* Data for this exercise:
-- Opening Marker --

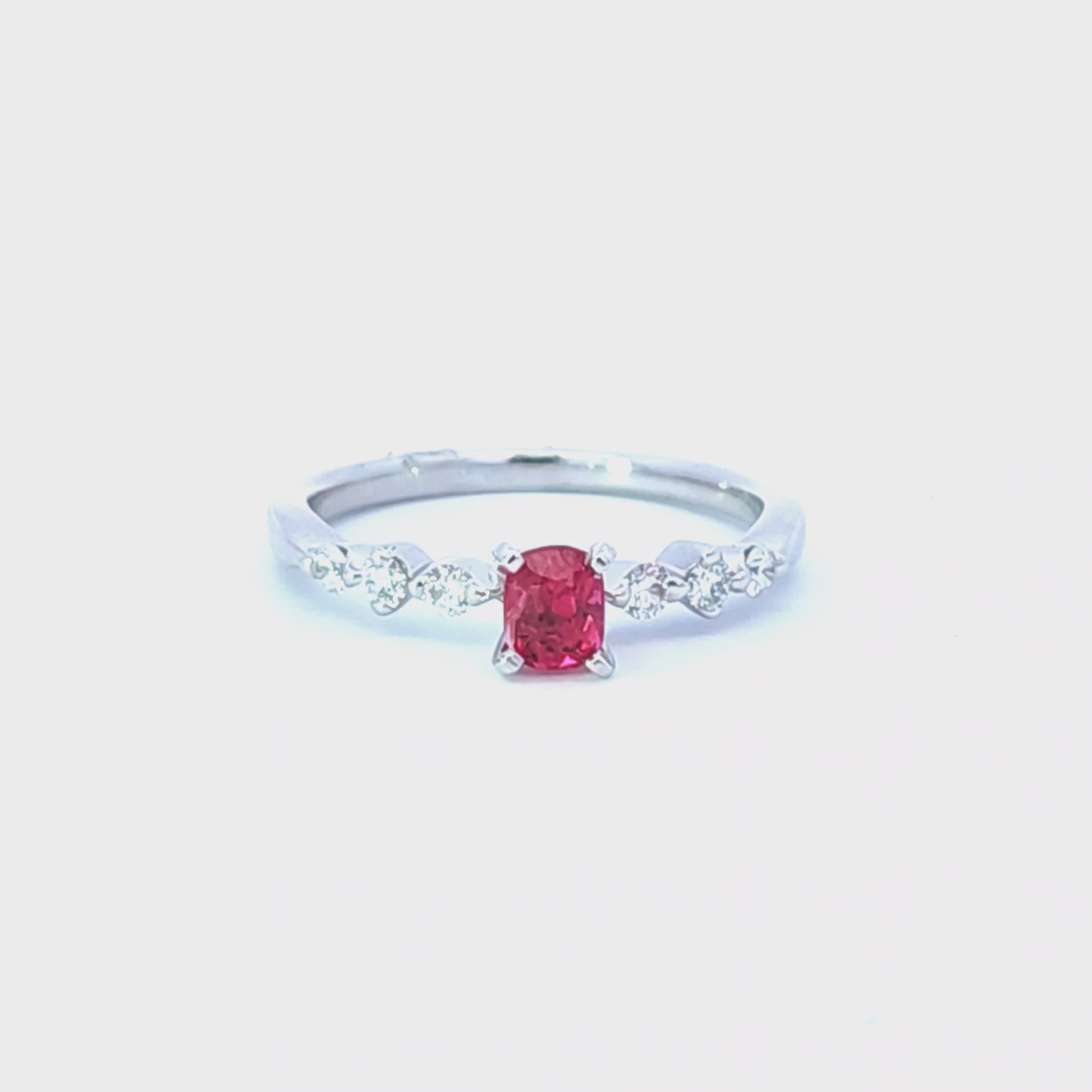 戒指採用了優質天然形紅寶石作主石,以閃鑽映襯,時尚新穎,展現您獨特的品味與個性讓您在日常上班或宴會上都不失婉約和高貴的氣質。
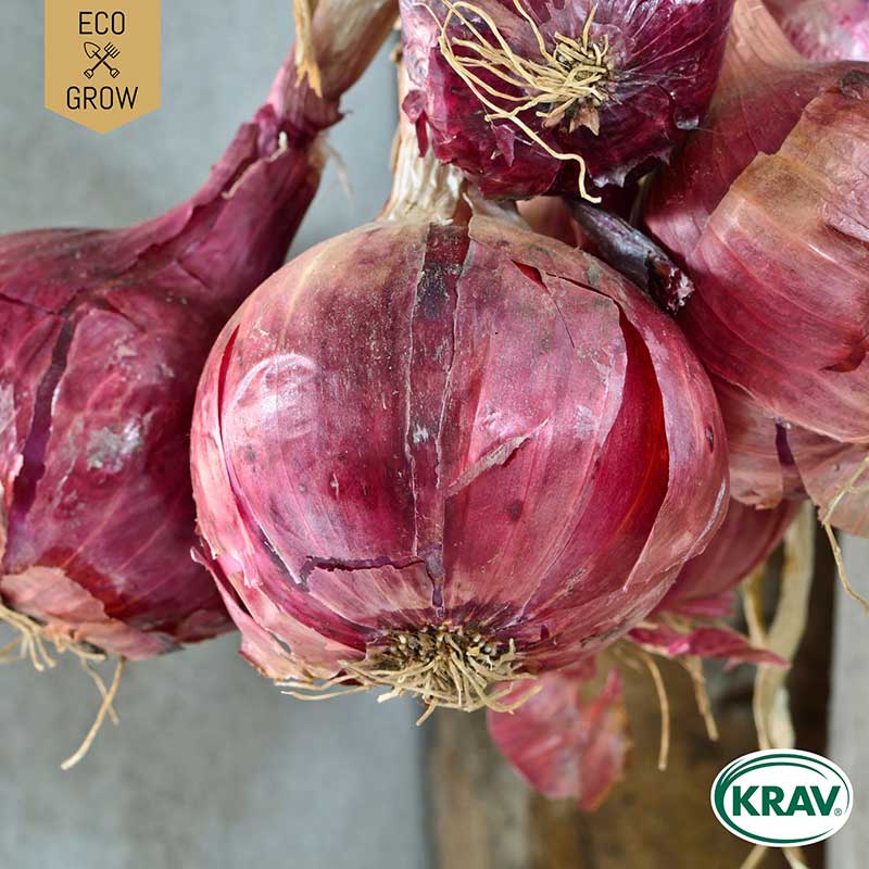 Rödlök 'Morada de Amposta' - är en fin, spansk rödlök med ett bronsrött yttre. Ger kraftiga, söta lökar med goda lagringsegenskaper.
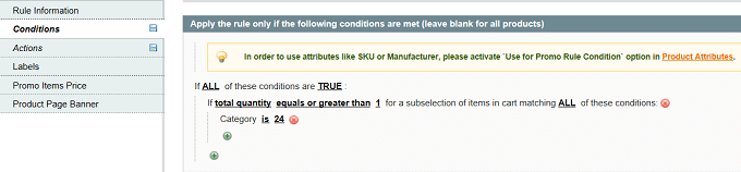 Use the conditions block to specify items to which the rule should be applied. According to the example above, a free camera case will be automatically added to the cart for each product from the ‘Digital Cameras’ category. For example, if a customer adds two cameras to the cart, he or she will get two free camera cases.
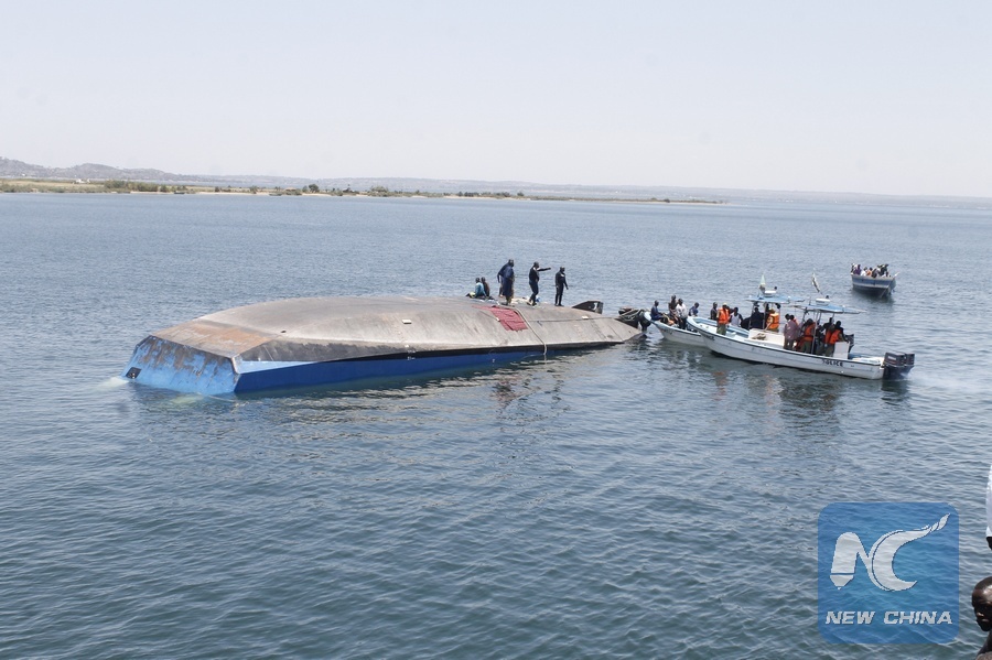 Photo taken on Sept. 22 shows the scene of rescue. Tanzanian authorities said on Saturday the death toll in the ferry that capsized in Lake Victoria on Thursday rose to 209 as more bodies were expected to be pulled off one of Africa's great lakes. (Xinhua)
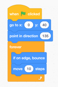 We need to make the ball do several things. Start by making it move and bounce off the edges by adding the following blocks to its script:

-- Closing Marker --
-- Opening Marker --

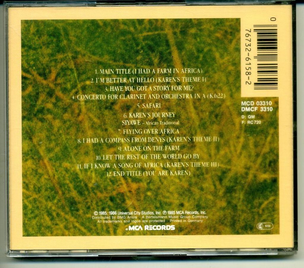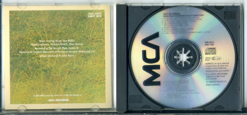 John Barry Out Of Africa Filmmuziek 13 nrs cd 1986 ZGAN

-- Closing Marker --

* Aim of the exercise: Both the line above containing "戒指採用了優質天然形紅寶石作" and the line containing "We need to make" belong in the copy, along with every line between them; print these exactly and omit the pictures.

* Output below:
 戒指採用了優質天然形紅寶石作主石,以閃鑽映襯,時尚新穎,展現您獨特的品味與個性讓您在日常上班或宴會上都不失婉約和高貴的氣質。
 Rödlök 'Morada de Amposta' - är en fin, spansk rödlök med ett bronsrött yttre. Ger kraftiga, söta lökar med goda lagringsegenskaper.
 Use the conditions block to specify items to which the rule should be applied. According to the example above, a free camera case will be automatically added to the cart for each product from the ‘Digital Cameras’ category. For example, if a customer adds two cameras to the cart, he or she will get two free camera cases.
 Photo taken on Sept. 22 shows the scene of rescue. Tanzanian authorities said on Saturday the death toll in the ferry that capsized in Lake Victoria on Thursday rose to 209 as more bodies were expected to be pulled off one of Africa's great lakes. (Xinhua)
 We need to make the ball do several things. Start by making it move and bounce off the edges by adding the following blocks to its script:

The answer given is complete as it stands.